You should provide whatever insight you have - some things you have observed may be okay, but others may assist the doc in making a better diagnosis.
You can provide this insight privately to the doctor. It could be invaluable in monitoring/assessing his condition! Tests and exams can only tell them so much, sometimes nothing really. Sometimes the tests and exams either don't detect anything, or the person can sail through them easily, but they are not able to function normally at home.
Of concern is his oversight for his mother. Is there a contingency plan in place? He has no siblings, and if he is incapacitated by ANYTHING, who will see to her? Is she capable of naming another (additional) person to handle her affairs? If not, you will need to seek out legal advice as to how to proceed.
Secondary is having POA set up for you both. In the event that he is going down the cognitive decline path, having this will allow you to sell the cars you cannot drive and manage everything financially and medically. If at all possible, there should be a backup for you as well. It is so much easier/better to get it done now, while he could still make decisions. Later will be hard enough dealing with whatever life brings your way.
We have no way to know what the future brings to any of us, so it is best to have some precautions in place. Having a will, POAs, trust(s) if needed, burial arrangements, etc set up while you are both still capable is the best you can do. We had all this done with mom/dad when dad wasn't well and then revisited it when mom developed early dementia. We are glad we did all that before it was too late! It would have been more difficult AND more expensive to have to go through the court system to get guardianship.

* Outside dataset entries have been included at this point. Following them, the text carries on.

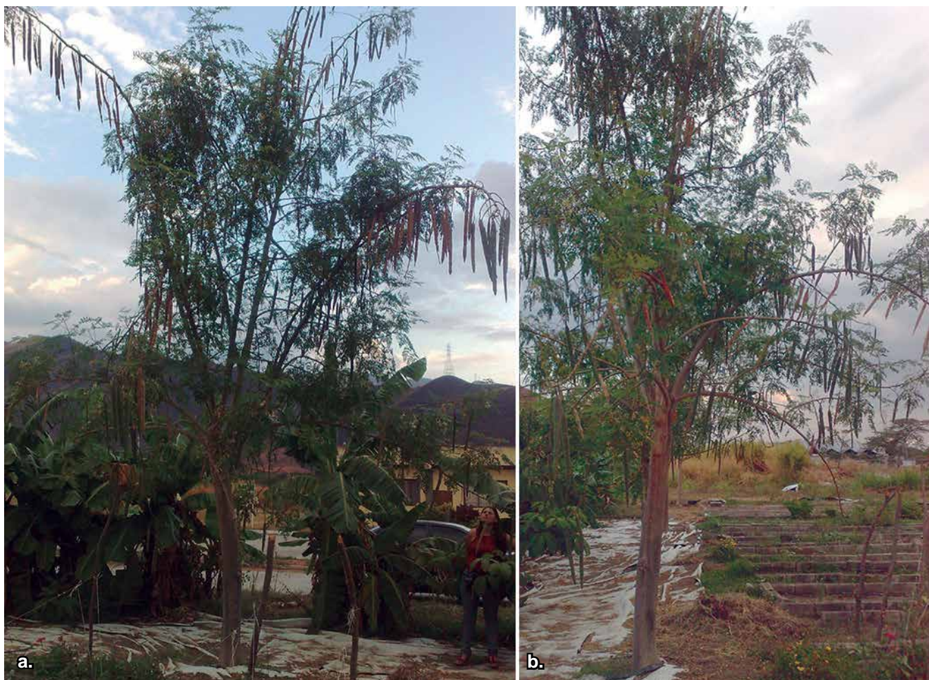
Foto 1 a y b. Árbol de moringa (Cultivos organopónicos INIA-Gerencia General).

Los nombres comunes de la moringa son innumerables entre ellos se pueden mencionar: paraíso blanco, flor de Jacinto, árbol rábano picante, sen,
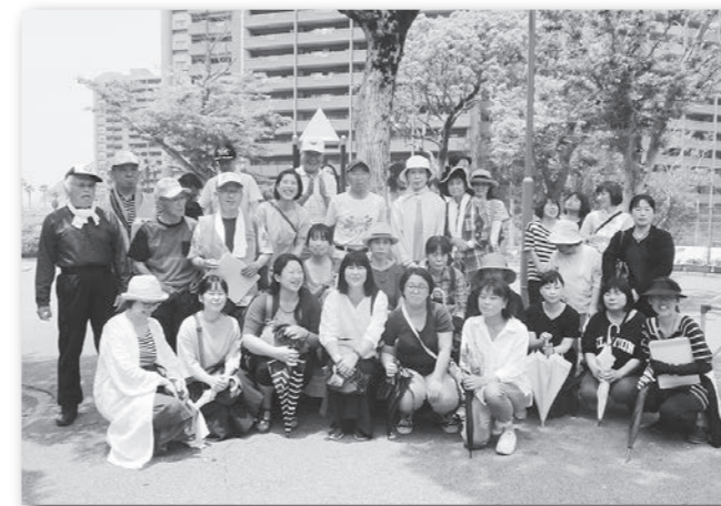
子どもを守るネットワークパトロール (令和元年6月12日)
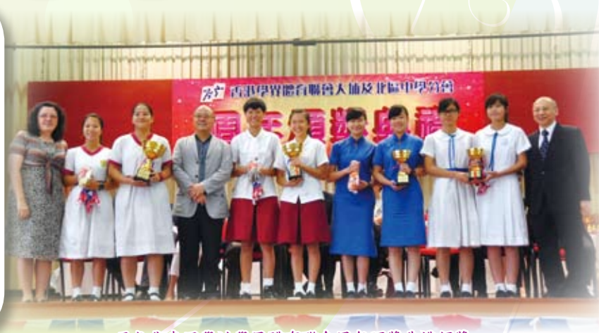
兩位代表同學於學界體育聯會周年頒獎典禮領獎。
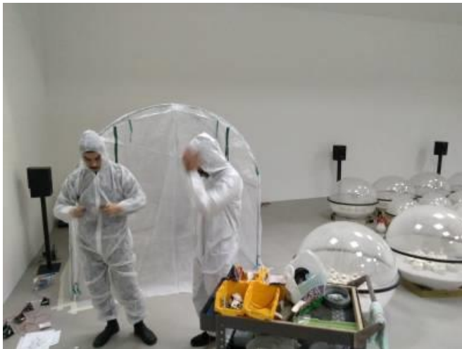
Das Infolab und die Frage nach Information bei Pilzen und Mycelien

Bereits oben bei den Jahresschwerpunkten angeführt, ist der Biennale Taipeh-Beitrag der "Mycelium Network Society" und das Objekt "Patulin" ein Infolab-assoziiertes Projekt. Wie alle Infolab-Projekte hinterfragt auch dieses Projekt grundlegend das Wesen von Information, bzw versucht, als Alternative zum IT-Informationsbegriff auf andere Weise mit Natur und Technologie zu experimentieren. Die Planung und Herstellung dieses Projektes beanspruchte 2018 größere Materialressourcen und Arbeitsleistungen. Zu MNS, Patulin und zum Biennale-Beitrag: s. auch 1.1.1.
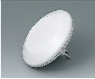
B5011027 ART-CASE R110 F PC+ABS (UL 94 V-0) off-white RAL 9002 ø110x30mm IP 40
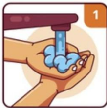
WET YOUR HANDS
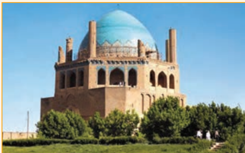
شکل ۱۳-۴- گنبد عظیم سلطانیه

در آن سرزمین وسیع در مدت ده سال بناهای سلطنتی و حکومتی، مساجد، خانقاه‌ها، داروخانه، حمام، کتابخانه، بازار، دکان‌ها و کارگاه‌های صنایع دستی و مراکز رفاهی چون کاروانسراها و آب‌انبارها و غیره را پدید آوردند. هر یک از بناها به گفته شاهدان به بهترین نوع هنری و ذوقی مزین به باغ‌ها و بوستان‌ها و چشمه‌ها و جویبارها در شهر جدید ایجاد شد.
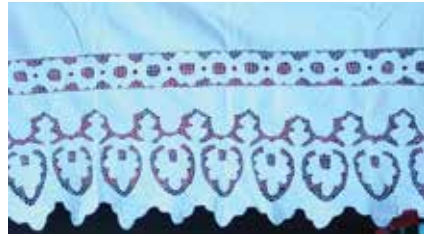
Кашага. XX гасыр уртасы. Кызан
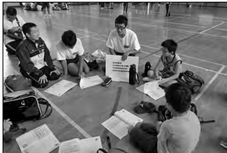
防府市立新田小学校・華陽中学校

地域ぐるみ防災キャンプを8月29・30日に本校生徒と新田小学校生徒54名で消防署や自衛隊の協力のもと実施した。
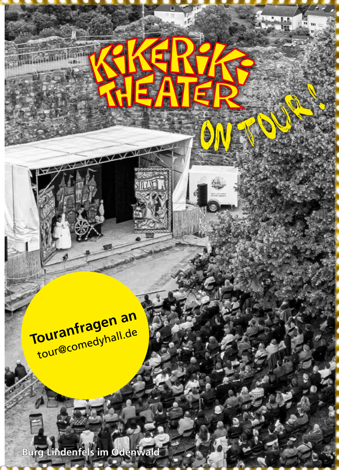
Burg Lindenfels im Odenwald

Das Kikeriki Theater ist ein Theater für das Volk, jedoch nicht volkstümlich mit abgestandenem Heimatmief, sondern mit ehrlich frischem Stallgeruch und ist somit ein Volkstheater im wahrsten Sinne.
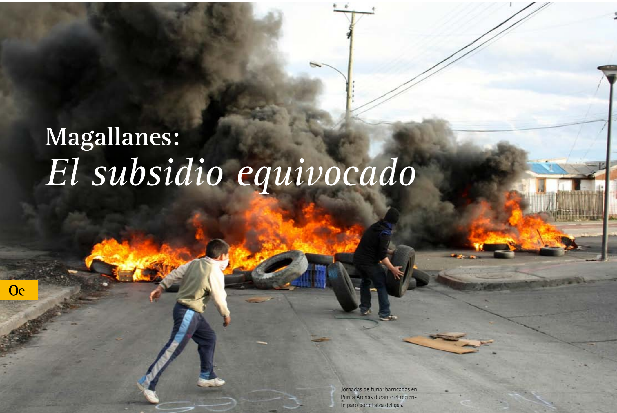
Jornadas de furia: barricadas en Punta Arenas durante el reciente paro por el alza del gas.

El subsidio al consumo de gas en la XII región, tan apreciado por los magallánicos, ha sido siempre una mala política, como lo es cualquiera que subsidie el precio de cualquier producto sin discriminación entre población adinerada y modesta, y sin topes razonables en la cantidad consumida. Pese a esto, las regiones extremas deben ser apoyadas con subsidios eficientes. Por Jorge Rodríguez Grossi*
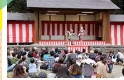
10/10 ウルトラヒーローショー
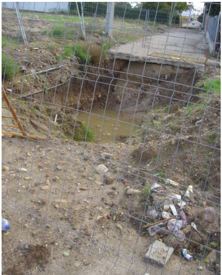
Ir a la piscina o al polideportivo tiene cierto riesgo
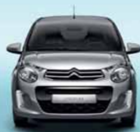
Grå Gallium (M)
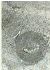
Nagra, Benken ZH: « Leioceras opalinum ».

Fossilfund: 179 Millionen Jahre im Opalinuston eingeschlossener Ammonit.
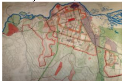
Рис. 7. Генплан 1967 г.
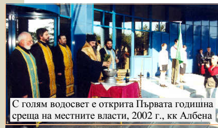
С голям водосвет е открита Първата годишна среща на местните власти, 2002 г., кк Албена
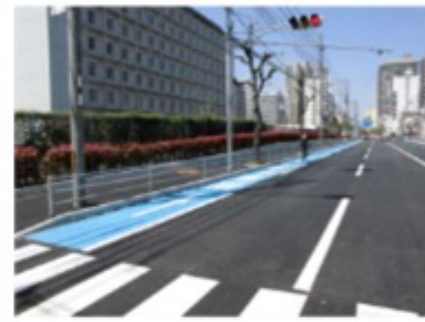
西川線(自転車レーン)
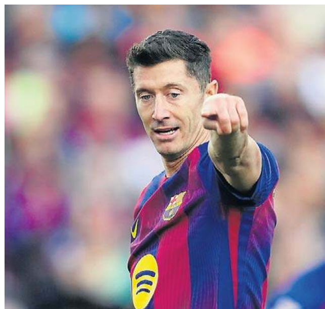
Kapitan reprezentacji Polski Robert Lewandowski zdobył jedenastą bramkę w obecnym sezonie La Ligi

W hiszpańskiej La Lidze lider rozgrywek, Barcelona, pokonała na własnym stadionie Vil-
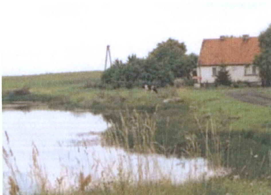
Rys. 1 Jedno z gospodarstw wiejskich w Gumnowicach

Naszą wieś wyróżnia rzetelność, pracowitość mieszkańców, dbałość społeczeństwa o swoje obowiązki, szczególnie o porządek wokół gospodarstw i o swoje środowisko naturalne. W ostatnich latach założono wiele trawników, nasadzono drzewa i krzewy ozdobne.
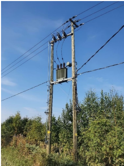
Kuva 13-1. Pylväsmuuntamo Penttiläntien varrella.

Muuntamoiden pohjavedelle aiheuttama riski on arvioitu merkittäväksi.
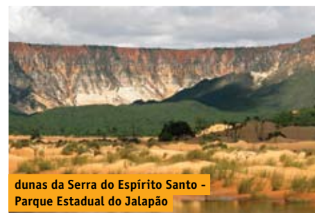
dunas da Serra do Espírito Santo - Parque Estadual do Jalapão
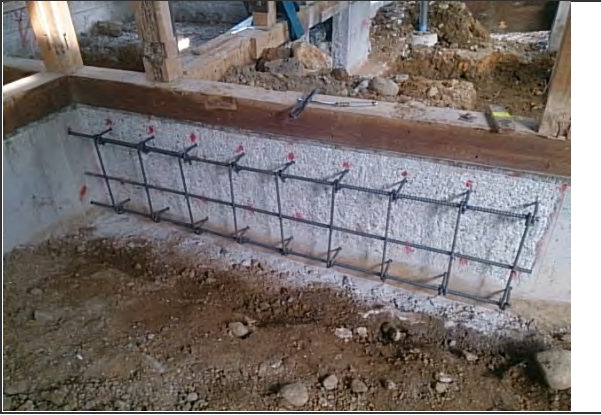
耐震性能に伴う基礎補強施工① (差筋アンカー配筋状況) ※主寝室付近

I am remiss in doing this for myself, but only because currently there are no funds to cover the cost (looking at negative balance by end of year! working that out as best I can.) Starting in March, the financial situation will hopefully be under control (there will be a little relief before that, but not enough to cover the cost needed) and I want to get all that sorted out, to make things easier for my 2 kids AND to ensure my cats will all be taken care of (neither of them want the cats :-( or to take care of them.)
Please do consider getting all these tasks done, but stress to your husband it is just something everyone should do (and it is!), don't bring up the other issues.